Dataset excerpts
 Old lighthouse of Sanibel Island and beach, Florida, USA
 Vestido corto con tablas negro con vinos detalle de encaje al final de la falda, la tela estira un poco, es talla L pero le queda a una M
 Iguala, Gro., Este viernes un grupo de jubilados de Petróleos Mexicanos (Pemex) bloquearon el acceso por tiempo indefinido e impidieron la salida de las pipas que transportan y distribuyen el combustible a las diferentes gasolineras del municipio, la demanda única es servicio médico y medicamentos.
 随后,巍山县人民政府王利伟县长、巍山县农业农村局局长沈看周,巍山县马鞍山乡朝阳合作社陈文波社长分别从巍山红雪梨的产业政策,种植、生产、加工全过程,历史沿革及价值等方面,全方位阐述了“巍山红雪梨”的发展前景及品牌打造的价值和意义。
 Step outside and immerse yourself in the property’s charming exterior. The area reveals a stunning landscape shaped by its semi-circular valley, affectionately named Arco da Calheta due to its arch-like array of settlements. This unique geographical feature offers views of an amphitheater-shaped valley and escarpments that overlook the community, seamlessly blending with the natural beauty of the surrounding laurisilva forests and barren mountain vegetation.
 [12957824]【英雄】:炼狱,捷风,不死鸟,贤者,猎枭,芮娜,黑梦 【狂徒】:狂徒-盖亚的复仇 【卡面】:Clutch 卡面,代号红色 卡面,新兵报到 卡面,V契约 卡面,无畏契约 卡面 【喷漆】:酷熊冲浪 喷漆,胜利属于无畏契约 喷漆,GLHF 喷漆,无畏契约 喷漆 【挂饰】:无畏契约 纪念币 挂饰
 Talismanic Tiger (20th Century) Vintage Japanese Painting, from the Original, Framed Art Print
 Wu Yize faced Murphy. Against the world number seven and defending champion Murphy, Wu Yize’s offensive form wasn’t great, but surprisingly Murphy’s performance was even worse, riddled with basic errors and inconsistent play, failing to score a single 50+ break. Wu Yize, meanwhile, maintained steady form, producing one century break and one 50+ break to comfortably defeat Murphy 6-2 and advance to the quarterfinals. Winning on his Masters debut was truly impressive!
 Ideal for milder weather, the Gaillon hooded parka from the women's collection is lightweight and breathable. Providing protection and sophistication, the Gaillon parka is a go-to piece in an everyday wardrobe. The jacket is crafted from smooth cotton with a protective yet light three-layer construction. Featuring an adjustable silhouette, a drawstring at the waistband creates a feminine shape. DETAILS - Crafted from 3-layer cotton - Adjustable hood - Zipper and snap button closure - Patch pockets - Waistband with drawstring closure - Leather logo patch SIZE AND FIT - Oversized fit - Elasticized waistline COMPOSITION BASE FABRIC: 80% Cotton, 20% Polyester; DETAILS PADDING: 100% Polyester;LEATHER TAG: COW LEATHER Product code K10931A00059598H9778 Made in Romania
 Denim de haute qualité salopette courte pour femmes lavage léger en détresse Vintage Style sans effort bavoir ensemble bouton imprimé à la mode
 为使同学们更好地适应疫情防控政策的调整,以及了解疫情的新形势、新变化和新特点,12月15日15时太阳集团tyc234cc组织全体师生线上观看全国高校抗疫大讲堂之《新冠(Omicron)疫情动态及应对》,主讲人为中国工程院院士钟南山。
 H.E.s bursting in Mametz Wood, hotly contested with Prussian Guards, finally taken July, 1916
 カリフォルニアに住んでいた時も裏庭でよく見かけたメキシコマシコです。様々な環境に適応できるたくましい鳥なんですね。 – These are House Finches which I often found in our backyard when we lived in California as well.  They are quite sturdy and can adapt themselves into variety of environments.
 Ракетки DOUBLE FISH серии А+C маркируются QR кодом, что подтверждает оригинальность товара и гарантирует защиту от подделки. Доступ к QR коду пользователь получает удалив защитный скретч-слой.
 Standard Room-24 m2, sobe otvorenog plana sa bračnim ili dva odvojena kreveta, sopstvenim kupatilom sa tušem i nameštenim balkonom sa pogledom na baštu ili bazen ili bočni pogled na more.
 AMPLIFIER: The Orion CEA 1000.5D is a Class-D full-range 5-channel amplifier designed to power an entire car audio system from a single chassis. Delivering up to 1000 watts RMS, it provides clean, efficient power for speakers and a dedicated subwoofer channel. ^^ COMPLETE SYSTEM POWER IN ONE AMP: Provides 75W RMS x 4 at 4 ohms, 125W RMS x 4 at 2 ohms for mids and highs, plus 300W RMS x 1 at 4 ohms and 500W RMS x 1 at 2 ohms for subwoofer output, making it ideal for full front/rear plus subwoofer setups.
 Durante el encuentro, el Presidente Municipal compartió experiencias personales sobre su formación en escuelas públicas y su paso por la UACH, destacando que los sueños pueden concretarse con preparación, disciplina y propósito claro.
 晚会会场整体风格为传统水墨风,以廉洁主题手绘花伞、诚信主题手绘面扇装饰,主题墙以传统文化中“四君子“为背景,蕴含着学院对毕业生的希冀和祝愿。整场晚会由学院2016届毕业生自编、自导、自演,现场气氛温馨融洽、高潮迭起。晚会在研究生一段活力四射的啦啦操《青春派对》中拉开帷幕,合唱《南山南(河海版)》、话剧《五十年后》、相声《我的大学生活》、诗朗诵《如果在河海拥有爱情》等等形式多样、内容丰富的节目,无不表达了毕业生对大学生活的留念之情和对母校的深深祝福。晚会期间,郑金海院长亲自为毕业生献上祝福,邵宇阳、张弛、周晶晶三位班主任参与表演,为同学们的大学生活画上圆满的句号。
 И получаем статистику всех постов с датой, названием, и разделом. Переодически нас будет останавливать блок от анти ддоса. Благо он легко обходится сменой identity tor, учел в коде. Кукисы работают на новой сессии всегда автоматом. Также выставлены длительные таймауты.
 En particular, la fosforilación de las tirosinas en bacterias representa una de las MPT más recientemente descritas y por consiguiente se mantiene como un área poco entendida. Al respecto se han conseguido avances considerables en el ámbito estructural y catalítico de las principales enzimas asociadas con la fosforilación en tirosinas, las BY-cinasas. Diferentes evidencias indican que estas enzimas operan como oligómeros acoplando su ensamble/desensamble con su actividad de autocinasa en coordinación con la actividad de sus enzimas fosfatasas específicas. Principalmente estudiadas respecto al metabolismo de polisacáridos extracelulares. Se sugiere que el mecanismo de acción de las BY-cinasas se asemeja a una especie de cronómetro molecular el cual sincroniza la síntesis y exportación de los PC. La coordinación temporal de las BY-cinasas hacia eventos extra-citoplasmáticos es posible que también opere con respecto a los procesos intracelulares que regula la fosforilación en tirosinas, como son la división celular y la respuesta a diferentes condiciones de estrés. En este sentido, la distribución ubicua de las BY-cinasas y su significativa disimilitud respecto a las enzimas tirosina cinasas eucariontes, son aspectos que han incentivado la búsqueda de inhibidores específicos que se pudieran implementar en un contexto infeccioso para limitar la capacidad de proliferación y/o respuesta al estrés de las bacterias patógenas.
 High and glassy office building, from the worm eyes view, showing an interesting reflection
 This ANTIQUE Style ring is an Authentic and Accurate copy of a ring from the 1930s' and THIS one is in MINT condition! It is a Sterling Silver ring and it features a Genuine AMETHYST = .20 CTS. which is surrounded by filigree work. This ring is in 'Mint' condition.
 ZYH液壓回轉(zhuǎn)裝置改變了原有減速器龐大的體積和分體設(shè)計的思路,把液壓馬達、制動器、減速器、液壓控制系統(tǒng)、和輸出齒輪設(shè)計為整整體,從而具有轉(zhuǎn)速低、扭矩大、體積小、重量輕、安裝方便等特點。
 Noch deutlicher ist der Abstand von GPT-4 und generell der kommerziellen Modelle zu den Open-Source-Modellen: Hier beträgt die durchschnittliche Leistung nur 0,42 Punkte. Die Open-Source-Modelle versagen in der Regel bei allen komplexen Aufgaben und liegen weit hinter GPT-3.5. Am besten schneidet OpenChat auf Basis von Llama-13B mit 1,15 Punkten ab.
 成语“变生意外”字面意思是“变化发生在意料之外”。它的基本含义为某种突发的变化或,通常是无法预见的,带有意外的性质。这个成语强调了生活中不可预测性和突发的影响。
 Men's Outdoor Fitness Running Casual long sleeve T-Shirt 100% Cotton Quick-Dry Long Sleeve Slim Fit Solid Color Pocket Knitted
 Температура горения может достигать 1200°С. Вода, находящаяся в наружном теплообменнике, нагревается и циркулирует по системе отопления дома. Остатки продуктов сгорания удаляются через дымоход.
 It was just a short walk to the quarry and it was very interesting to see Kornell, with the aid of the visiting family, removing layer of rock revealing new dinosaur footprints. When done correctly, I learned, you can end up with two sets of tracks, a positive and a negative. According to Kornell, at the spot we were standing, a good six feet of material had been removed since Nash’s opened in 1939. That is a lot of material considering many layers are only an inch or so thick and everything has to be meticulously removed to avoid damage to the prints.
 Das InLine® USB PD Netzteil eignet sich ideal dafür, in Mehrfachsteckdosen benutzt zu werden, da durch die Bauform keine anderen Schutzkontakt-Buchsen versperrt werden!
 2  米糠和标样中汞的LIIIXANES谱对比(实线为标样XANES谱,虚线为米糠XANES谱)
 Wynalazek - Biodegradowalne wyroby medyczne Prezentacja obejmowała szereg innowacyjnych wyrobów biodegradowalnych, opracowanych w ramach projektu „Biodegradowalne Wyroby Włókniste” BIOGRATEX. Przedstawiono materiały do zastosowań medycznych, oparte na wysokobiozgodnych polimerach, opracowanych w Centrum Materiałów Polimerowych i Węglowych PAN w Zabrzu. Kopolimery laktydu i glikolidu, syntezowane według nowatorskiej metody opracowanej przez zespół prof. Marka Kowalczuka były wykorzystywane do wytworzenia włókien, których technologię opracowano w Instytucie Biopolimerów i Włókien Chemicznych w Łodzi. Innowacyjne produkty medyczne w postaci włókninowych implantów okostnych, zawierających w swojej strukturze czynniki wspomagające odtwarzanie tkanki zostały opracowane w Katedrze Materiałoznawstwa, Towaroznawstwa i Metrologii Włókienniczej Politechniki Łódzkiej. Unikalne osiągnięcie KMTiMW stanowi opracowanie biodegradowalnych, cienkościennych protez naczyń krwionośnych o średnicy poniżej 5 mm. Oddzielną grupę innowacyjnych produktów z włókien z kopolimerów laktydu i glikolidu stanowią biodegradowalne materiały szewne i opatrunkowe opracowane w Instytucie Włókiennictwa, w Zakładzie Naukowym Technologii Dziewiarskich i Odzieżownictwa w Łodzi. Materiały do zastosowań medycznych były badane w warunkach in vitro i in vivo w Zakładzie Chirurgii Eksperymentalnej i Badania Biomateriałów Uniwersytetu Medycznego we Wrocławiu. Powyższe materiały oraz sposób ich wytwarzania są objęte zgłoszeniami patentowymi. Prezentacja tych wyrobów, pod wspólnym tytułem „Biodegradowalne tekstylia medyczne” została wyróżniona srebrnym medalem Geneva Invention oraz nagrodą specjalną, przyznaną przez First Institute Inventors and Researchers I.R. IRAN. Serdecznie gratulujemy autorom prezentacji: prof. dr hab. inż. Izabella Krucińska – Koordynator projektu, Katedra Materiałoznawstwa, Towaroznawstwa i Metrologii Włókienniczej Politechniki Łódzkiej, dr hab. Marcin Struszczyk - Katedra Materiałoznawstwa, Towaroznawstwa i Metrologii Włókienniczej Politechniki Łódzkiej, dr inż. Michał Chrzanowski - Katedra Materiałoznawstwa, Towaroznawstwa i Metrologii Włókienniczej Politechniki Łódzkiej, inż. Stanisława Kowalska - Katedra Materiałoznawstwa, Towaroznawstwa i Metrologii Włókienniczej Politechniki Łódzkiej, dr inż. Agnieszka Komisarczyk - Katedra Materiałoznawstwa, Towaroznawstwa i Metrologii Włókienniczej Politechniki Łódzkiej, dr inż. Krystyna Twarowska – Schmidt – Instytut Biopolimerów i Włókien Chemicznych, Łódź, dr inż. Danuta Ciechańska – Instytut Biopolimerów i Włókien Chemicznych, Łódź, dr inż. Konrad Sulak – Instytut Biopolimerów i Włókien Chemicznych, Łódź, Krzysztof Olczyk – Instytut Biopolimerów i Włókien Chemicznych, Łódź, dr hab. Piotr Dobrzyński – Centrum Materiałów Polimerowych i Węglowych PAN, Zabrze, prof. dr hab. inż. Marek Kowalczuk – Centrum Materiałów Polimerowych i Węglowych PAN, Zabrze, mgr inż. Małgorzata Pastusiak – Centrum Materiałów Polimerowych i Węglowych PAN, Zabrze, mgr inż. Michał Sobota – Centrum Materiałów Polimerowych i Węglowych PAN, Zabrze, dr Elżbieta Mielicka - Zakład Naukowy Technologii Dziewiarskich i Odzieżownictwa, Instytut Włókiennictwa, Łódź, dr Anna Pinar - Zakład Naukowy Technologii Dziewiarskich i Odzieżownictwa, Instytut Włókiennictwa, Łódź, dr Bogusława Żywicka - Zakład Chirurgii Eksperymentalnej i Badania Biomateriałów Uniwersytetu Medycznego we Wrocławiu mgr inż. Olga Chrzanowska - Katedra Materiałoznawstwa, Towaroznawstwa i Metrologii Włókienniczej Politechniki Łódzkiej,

Assigned task -> Print exactly the lines above, between the one holding "И получаем статистику" and the one holding "High and glassy", inclusive, and nothing besides.

Written reply ->
 И получаем статистику всех постов с датой, названием, и разделом. Переодически нас будет останавливать блок от анти ддоса. Благо он легко обходится сменой identity tor, учел в коде. Кукисы работают на новой сессии всегда автоматом. Также выставлены длительные таймауты.
 En particular, la fosforilación de las tirosinas en bacterias representa una de las MPT más recientemente descritas y por consiguiente se mantiene como un área poco entendida. Al respecto se han conseguido avances considerables en el ámbito estructural y catalítico de las principales enzimas asociadas con la fosforilación en tirosinas, las BY-cinasas. Diferentes evidencias indican que estas enzimas operan como oligómeros acoplando su ensamble/desensamble con su actividad de autocinasa en coordinación con la actividad de sus enzimas fosfatasas específicas. Principalmente estudiadas respecto al metabolismo de polisacáridos extracelulares. Se sugiere que el mecanismo de acción de las BY-cinasas se asemeja a una especie de cronómetro molecular el cual sincroniza la síntesis y exportación de los PC. La coordinación temporal de las BY-cinasas hacia eventos extra-citoplasmáticos es posible que también opere con respecto a los procesos intracelulares que regula la fosforilación en tirosinas, como son la división celular y la respuesta a diferentes condiciones de estrés. En este sentido, la distribución ubicua de las BY-cinasas y su significativa disimilitud respecto a las enzimas tirosina cinasas eucariontes, son aspectos que han incentivado la búsqueda de inhibidores específicos que se pudieran implementar en un contexto infeccioso para limitar la capacidad de proliferación y/o respuesta al estrés de las bacterias patógenas.
 High and glassy office building, from the worm eyes view, showing an interesting reflection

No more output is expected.